In the records below, one line contains "80-Piece Nayzwok Reusable". Print that line and every line after it exactly, down to the final one.

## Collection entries
----------------

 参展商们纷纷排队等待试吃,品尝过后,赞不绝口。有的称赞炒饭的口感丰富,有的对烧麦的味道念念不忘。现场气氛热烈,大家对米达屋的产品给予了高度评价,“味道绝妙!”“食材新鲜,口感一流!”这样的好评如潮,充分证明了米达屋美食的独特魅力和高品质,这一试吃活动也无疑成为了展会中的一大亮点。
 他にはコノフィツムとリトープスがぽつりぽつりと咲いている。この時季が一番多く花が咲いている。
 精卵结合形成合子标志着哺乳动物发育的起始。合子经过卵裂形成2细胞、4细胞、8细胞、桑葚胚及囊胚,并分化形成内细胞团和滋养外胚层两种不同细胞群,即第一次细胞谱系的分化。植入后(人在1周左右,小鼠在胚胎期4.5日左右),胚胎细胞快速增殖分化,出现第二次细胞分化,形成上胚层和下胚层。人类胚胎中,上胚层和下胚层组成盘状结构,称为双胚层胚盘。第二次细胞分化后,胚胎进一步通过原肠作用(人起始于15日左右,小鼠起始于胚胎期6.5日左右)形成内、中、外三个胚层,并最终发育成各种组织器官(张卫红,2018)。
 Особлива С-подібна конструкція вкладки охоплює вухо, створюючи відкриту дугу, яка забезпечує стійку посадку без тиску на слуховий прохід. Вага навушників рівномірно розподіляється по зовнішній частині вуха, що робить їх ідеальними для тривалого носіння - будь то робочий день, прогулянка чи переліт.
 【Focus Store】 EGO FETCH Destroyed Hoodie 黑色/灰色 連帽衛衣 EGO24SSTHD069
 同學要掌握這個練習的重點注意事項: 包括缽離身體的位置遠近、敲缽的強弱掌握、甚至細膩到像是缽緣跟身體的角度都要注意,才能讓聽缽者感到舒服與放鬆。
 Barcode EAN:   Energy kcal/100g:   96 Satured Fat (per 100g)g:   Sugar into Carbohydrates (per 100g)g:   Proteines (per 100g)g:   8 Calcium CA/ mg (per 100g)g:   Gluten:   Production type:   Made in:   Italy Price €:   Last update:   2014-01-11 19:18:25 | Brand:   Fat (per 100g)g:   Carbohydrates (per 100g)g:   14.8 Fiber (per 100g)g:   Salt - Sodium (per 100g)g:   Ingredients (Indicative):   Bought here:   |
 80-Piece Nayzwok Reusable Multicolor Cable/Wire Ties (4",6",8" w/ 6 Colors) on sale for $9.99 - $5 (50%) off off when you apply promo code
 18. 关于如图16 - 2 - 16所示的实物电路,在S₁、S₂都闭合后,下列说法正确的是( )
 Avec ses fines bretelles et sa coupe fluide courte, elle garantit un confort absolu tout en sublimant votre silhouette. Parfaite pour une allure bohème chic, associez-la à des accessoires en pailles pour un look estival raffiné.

----------------

## SOLUTION
 80-Piece Nayzwok Reusable Multicolor Cable/Wire Ties (4",6",8" w/ 6 Colors) on sale for $9.99 - $5 (50%) off off when you apply promo code
 18. 关于如图16 - 2 - 16所示的实物电路,在S₁、S₂都闭合后,下列说法正确的是( )
 Avec ses fines bretelles et sa coupe fluide courte, elle garantit un confort absolu tout en sublimant votre silhouette. Parfaite pour une allure bohème chic, associez-la à des accessoires en pailles pour un look estival raffiné.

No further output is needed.